Our previous findings indicate a role for oxidative stress in CEES-induced DNA damage leading to further toxic responses in epidermal cells and lesions in skin tissue of mice [10, 12, 19]. Hence, we examined the efficacy of antioxidant AEOL 10150 in reversing the CEES-induced oxidative DNA damage using IHC for 8-OHdG, an oxidized nucleoside of DNA. AEOL 10150 combined treatment caused a 67% decrease in the CEES-induced elevation of 8-OHdG positive cells as detected by brown stained nuclei in representative pictures (red arrows, Fig. 7C).

Discussion

There are currently no effective approved therapies against skin injuries caused by the vesicating agent SM. Though some benefit is obtained with decontamination and supportive treatment, if applied timely [1, 31]. Previous efforts to develop effective therapies to treat injuries from vesicant agents have reported that drugs targeting vesicant-induced oxidative stress may be helpful in attenuating vesicant-induced skin injuries [3, 12, 19, 20]. The current investigation indicates therapeutic efficacy of catalytic antioxidant AEOL 10150 in reversing CEES-induced toxic effects as well as oxidative DNA damage in skin epidermal cells and SKH-1 mouse skin. In addition to our previous reported studies, this study further highlights the role of oxidative stress in CEES-induced cutaneous damage and associated mechanisms reported in skin epidermal cells and mouse skin [12, 17-19].

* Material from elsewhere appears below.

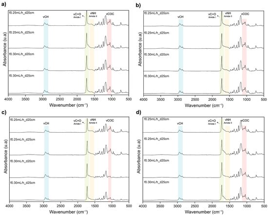 On the other hand, in Figure 2b–d, the characteristic absorption bands of sericin were evidenced, where amide I (1670–1690 cm−1), amide II (1552–1570 cm−1) and amide III (1240–1250 cm−1) are found. These bands correspond with the stretching C=O, N-H and C-N, which coincides with the characteristic peaks of a random coil structure. Similarly, the presence of the C-H and O-H bending vibrations in the band of 1390–1394 cm−1 and the C-OH stretching vibration between 1064 and 1070 cm−1 is denoted [,,].
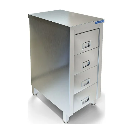 Столешница — комбинация долговечной нержавейки AISI 304 и прочного ЛДСП. Четыре глубоких ящика легко выдвигаются, чтобы все необходимое было под рукой. А регулируемые ножки помогут устойчиво поставить стол даже на неровном полу.

With similar toxic effects to SM, CEES is a useful SM surrogate used to generate injury models and identify treatment agents [15, 24, 28]. However, it is a monofunctional alkylating agent and a less toxic analog of SM that forms adducts instead of cross-links with cellular molecules [10]. Therefore, the identified therapeutic efficacy of AEOL 10150 in this study needs to be further examined in the skin injury model with primary vesicating agents, SM and nitrogen mustard (NM). Basal epidermal skin keratinocytes are reported to be the primary targets of vesicating agents. Keratinocyte cell death also leads to protease digestion of anchoring filaments of the epidermal-dermal junction, thus forming blisters on skin tissue [5, 32]. Therefore, efficacy studies reported herein were carried out in mouse and human skin epidermal keratinocytes and SKH-1 hairless mouse skin using injury endpoints from our previously reported studies (Tewari-Singh et al., 2010; Inturi et al., 2011., Jain et al., 2011b).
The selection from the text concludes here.